This study assesses the spatio-temporal impact of vaccination efforts on Covid-19 incidence growth in Turkey. Incorporating geographical features of SARS-CoV-2 transmission, we adopt a spatial Susceptible–Infected–Recovered (SIR) model that serves as a guide of our empirical specification. Using provincial weekly panel data, we estimate a dynamic spatial autoregressive (SAR) model to elucidate the short- and the long-run impact of vaccination on Covid-19 incidence growth after controlling for temporal and spatio-temporal diffusion, testing capacity, social distancing behavior and unobserved space-varying confounders. Results show that vaccination growth reduces Covid-19 incidence growth rate directly and indirectly by creating a positive externality over space. The significant association between vaccination and Covid-19 incidence is robust to a host of spatial weight matrix specifications. Conspicuous spatial and temporal diffusion effects of Covid-19 incidence growth were found across all specifications: the former being a severer threat to the containment of the pandemic than the latter.
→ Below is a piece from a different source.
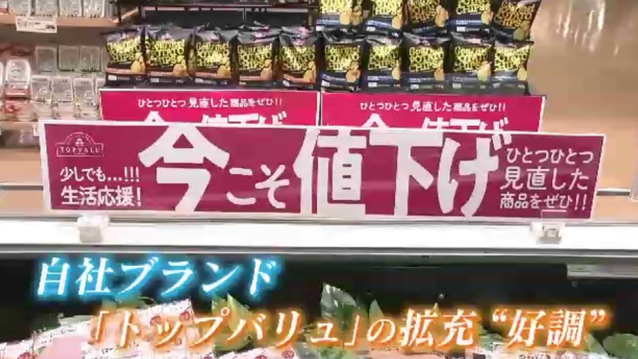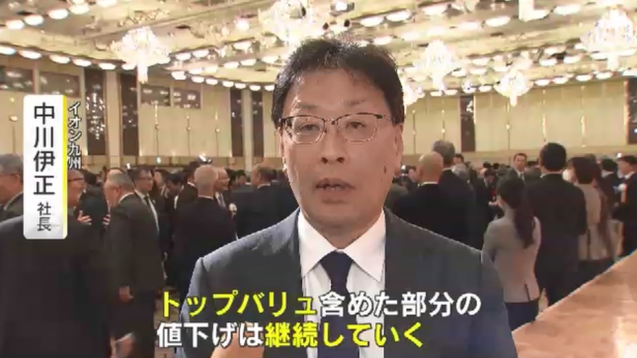 イオン九州ではこの物価高の中、比較的安価な自社ブランド「トップバリュ」の拡充が好調で、中川社長は今年も引き続き食料品や日用品といった自社ブランドの値下げを図っていくと話しました。
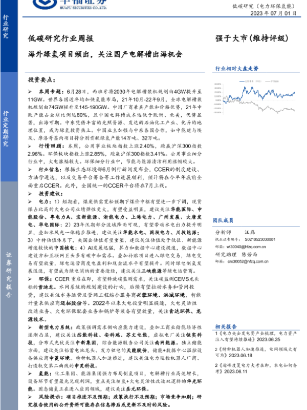 【华福证券】【20230701】低碳研究行业周报:海外绿氢项目频出,关注国产电解槽出海机会-17页 行业研究

本研究评估了疫苗接种工作对土耳其Covid-19发病率增长的时空影响。结合SARS-CoV-2传播的地理特征,我们采用了一个空间易感-感染-恢复(SIR)模型,作为我们经验规范的指导。利用省级每周面板数据,我们估计了一个动态空间自回归(SAR)模型,以阐明疫苗接种对Covid-19发病率增长的短期和长期影响,控制了时间和时空扩散、检测能力、社会距离行为和未观察到的空间变化混杂因素。结果表明,疫苗接种增长通过在空间上产生正外部性,直接和间接地降低了Covid-19发病率增长率。疫苗接种与Covid-19发病率之间的显著关联在一系列空间权重矩阵规范中是稳健的。在所有指标中都发现了Covid-19发病率增长的明显时空扩散效应:前者对疫情防控的威胁比后者更严重。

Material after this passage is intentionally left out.